The Duke twins grew up in Cheatham County, far from the city but close to family.
“My granny passed away, we was still livin’ there. Then my pops got sick, and the health people was havin’ a hard time getting to his driveway through the hills and ruts and all … it was out in the country. He had an oxygen machine,” Michael explained. “I had moved in with my aunt, about two months later is when he got sick. There wasn’t enough room, so we moved out here.”
“Some families, you know, when their parents and grandparents die, they’ve got aunties and uncles to fall back on,” Matthew elaborated. “But our family ain’t like that. There’s distance.”
Michael said he and his brother “had it made” when they were kids, but life in the city was a brutal adjustment. Matthew shared the sentiment, saying every day was a unique struggle.
“When you’re out here, you don’t know when’s your last meal. You don’t know if you’re gonna make it. It’s survival mode out here, you know, you’re by yourself,” he said.
All the twins needed was a run of good luck to get back on their feet. They didn’t have much, but they had a 1999 Chevrolet Monte Carlo and the help of their father – another Contributor vendor named Michael Duke Sr.
But the car overheated and grew decrepit. Michael had sustained a number of injuries with no way to treat them, and without high school diplomas or GEDs, work opportunities were few and far between. They were able to stay with their father for a bit, but before long they were on the streets of Nashville, camping out in the woods to avoid trouble.
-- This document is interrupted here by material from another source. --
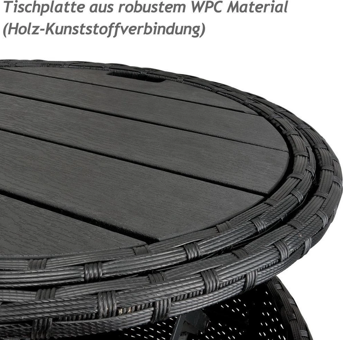 La table télescopique WPC est composée de une composition bois-plastique robuste et peut être étendu rapidement et facilement. Le plateau de table peut également être utilisé comme plateau et a3 antidérapants et réglables en hauteur pieds en plastique pour un placement sûr. La table a également un fond supplémentaire à l’intérieur du polyrattan. L’intérieur peut également être utilisé comme espace de rangement.

They had tried to enlist in the military before all this, but were rejected for health-related reasons. When Michael II was young, he dreamed of building helicopters and airplanes. All that had blurred into memory – now, the twins just needed a home.
Michael Sr. helped them sign up with The Contributor to make a little money, and to seek assistance with housing. But in their way was a long wait through the winter months, storms, and long days on the road selling.
“It was hard, but we made it through,” Matthew said. “The winter, the heat, walking back and forth for 12, 18 hours a day.”
“It breaks your body down, it really does. Out in that sun, walking constantly,” Michael said.
But after months of persistence, the twins have a home.
They got a call from The Contributor at the end of April saying their name had been pulled on a housing waitlist, and they jumped at the opportunity. Since then, they’ve been working on furnishing their new room at Parthenon Towers.
The brothers recalled the move-in experience in abject disbelief.
“I’m still not processing that it’s ours. At the end of the day, I’m still thinking, like, this ain’t true,” said Michael. “Being homeless, we got so used to it for every single day, I’m still processing it.”
“There ain’t nothing like your own spot,” Matthew said.
Michael and Matthew agreed that they had a story to tell after surviving so much, with the caveat that they weren’t sure how to put it into words. But when Michael summed up their journey in Nashville so far, it didn’t take many words to spell out the resilience this city’s homeless community manifests daily.
“It was hard,” he said. “But we made it.”